Documented in interaction_effects interactions interaction_sds phenopath print.phenopath_fit significant_interactions trajectory

#' PhenoPath - genomic trajectories with heterogeneous backgrounds
#' 
#' PhenoPath learns genomic trajectories in the presence of 
#' heterogenous environmental and genetic backgrounds. It takes 
#' input gene expression measurements that are modelled
#' by a single unobserved factor (the "trajectory"). The regulation 
#' of genes along the trajectory is perturbed by an additional set of 
#' covariates (such as genetic or environmental status) allowing for 
#' the identification of covariate-trajectory interactions.

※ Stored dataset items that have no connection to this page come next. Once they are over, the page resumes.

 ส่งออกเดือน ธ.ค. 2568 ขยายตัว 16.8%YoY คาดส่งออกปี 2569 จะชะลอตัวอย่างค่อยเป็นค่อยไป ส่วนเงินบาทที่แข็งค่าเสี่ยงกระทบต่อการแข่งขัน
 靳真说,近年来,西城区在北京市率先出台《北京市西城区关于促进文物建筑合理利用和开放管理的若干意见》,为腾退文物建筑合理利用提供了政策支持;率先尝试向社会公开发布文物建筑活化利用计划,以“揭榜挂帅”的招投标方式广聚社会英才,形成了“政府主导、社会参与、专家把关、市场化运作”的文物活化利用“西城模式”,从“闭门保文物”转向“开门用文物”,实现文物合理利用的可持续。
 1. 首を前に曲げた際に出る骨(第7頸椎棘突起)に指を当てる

#' The model is fitted using mean-field co-ordinate ascent variational inference.
#' 
#' @param exprs_obj Input gene expression, either
#' \enumerate{
#' \item An \linkS4class{SummarizedExperiment} object, \emph{or}
#' \item A cell-by-gene matrix of normalised expression values in log form.
#' }
#' @param x The covariate vector, either
#' \enumerate{
#' \item The name of a column of \code{colData(exprs_obj)} if \code{exprs_obj} is an
#' \code{SummarizedExperiment}, \emph{or}
#' \item A numeric of factor vector of length equal to the 
#' number of cells, \emph{or}
#' \item A formula from which to build a model matrix from \code{colData(exprs_obj)}, 
#' if \code{exprs_obj} is a \linkS4class{SummarizedExperiment}
#' }
#' @param sce_assay The assay from \code{exprs_obj} to use as expression if
#' \code{exprs_object} is a \code{SummarizedExperiment}
#' @param elbo_tol The relative pct change in the ELBO below 
#' which is considered converged.
#' See convergence section in details below.

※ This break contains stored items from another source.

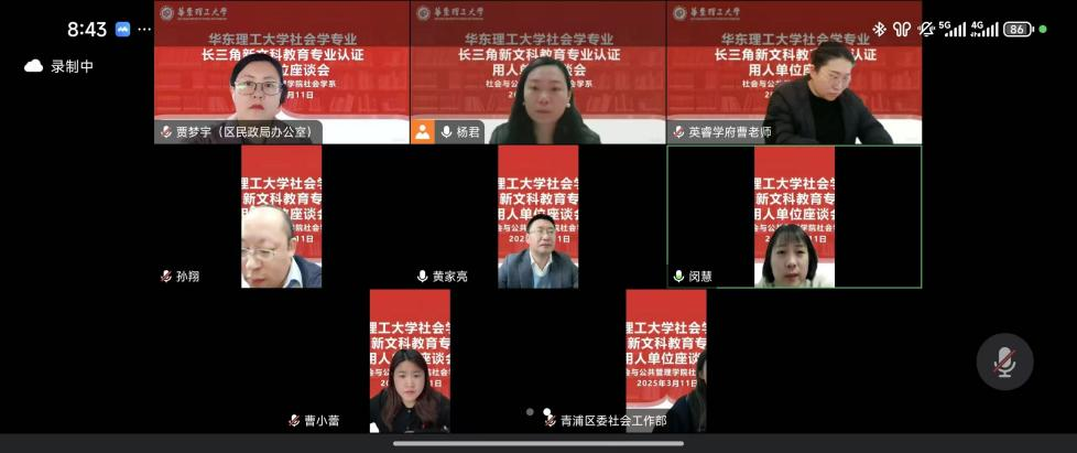 专家组就自评报告有关问题进行提问,就课程大纲、课程思政、人才培养、实习实践设计逻辑等相关议题与社会学系老师进行了进一步沟通与交流。
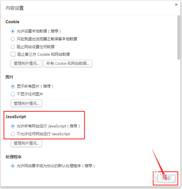6、跳出內容設置界面找到【JavaScript】點擊你想設置的前面點上點,最后點擊【完成】
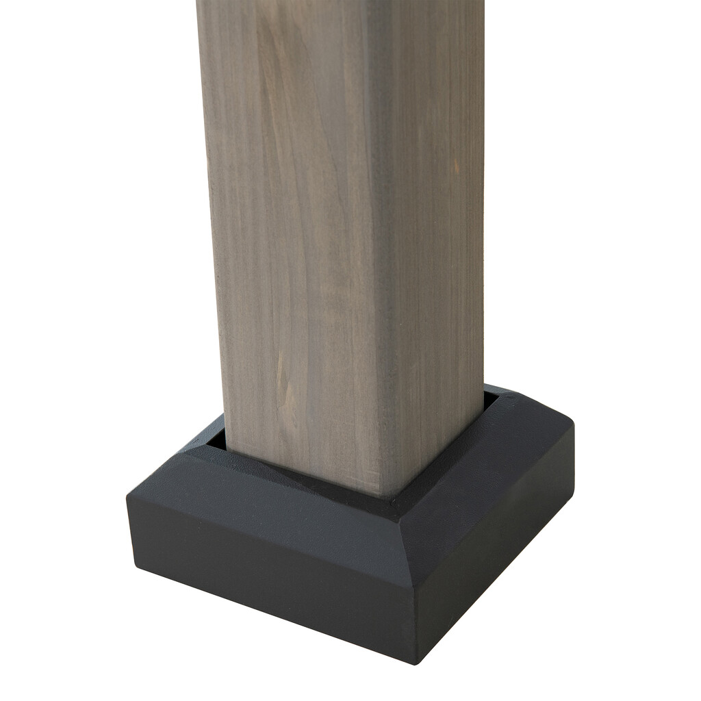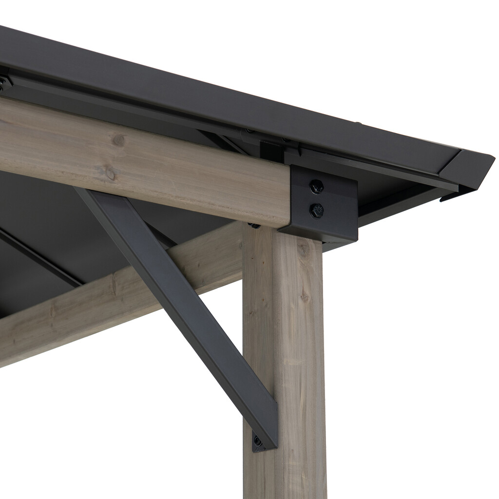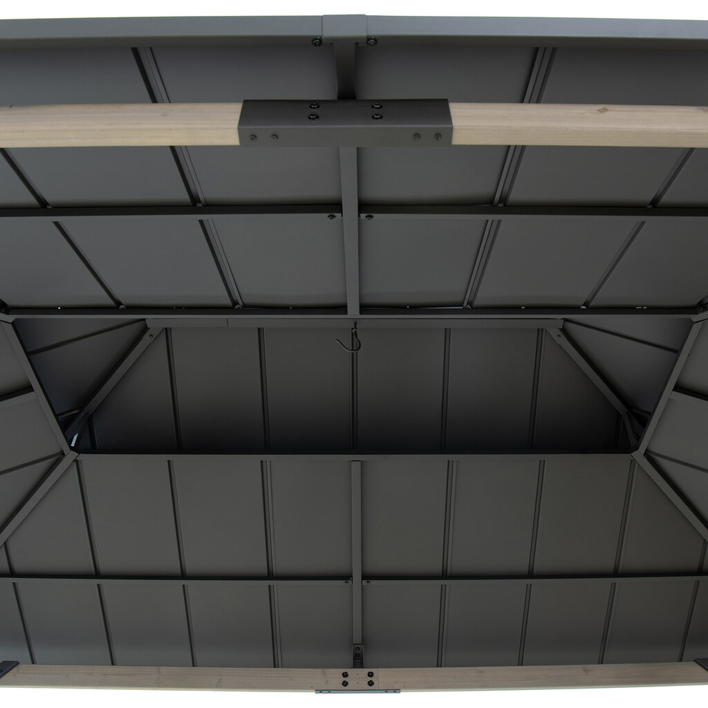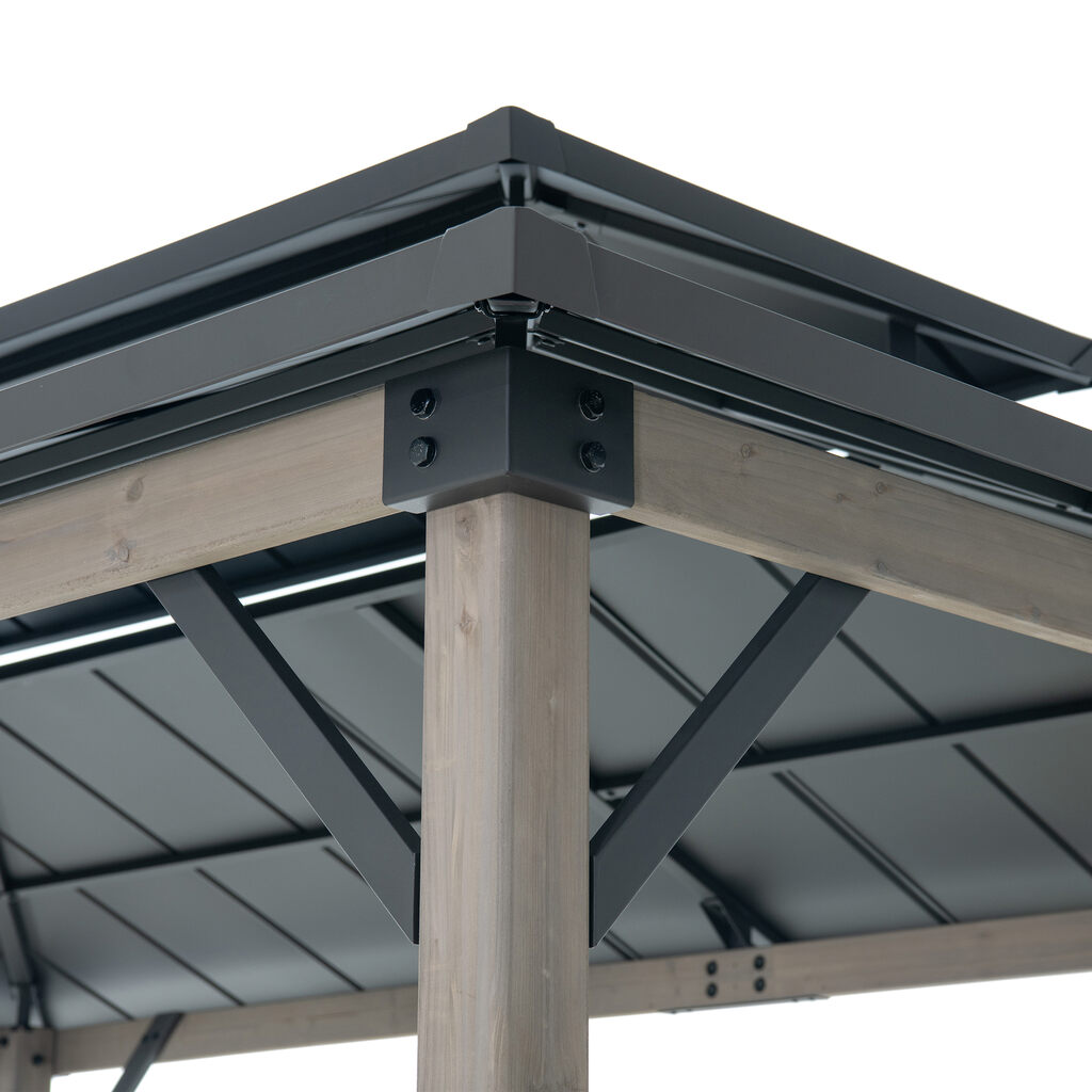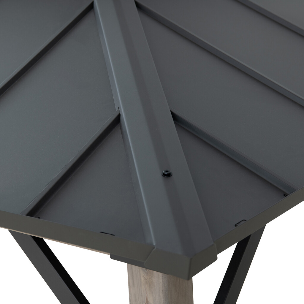 Stalowy dach malowany proszkowo w kolorze antracytu nadaje altanie nowoczesny, elegancki wygląd. Doskonale komponuje się z naturalnym drewnem cedrowym konstrukcji. Dach skutecznie osłania przed opadami i promieniami słonecznymi, a jego wytrzymałość pozwala na obciążenie śniegiem do 110 kg. Skośna forma dachu usprawnia odprowadzanie wody i topniejącego śniegu, zwiększając trwałość całej konstrukcji.

#' @param z_init The initialisation of the latent trajectory. Should be one of
#' \enumerate{
#' \item A positive integer describing which principal component of the data should
#' be used for initialisation (default 1), \emph{or}
#' \item A numeric vector of length number of samples to be used 
#' directly for initialisation, \emph{or}
#' \item The text character \code{"random"}, for random initialisation 
#' from a standard normal distribution.
#' }
#' @param ... Additional arguments to be passed to \code{\link{clvm}}. 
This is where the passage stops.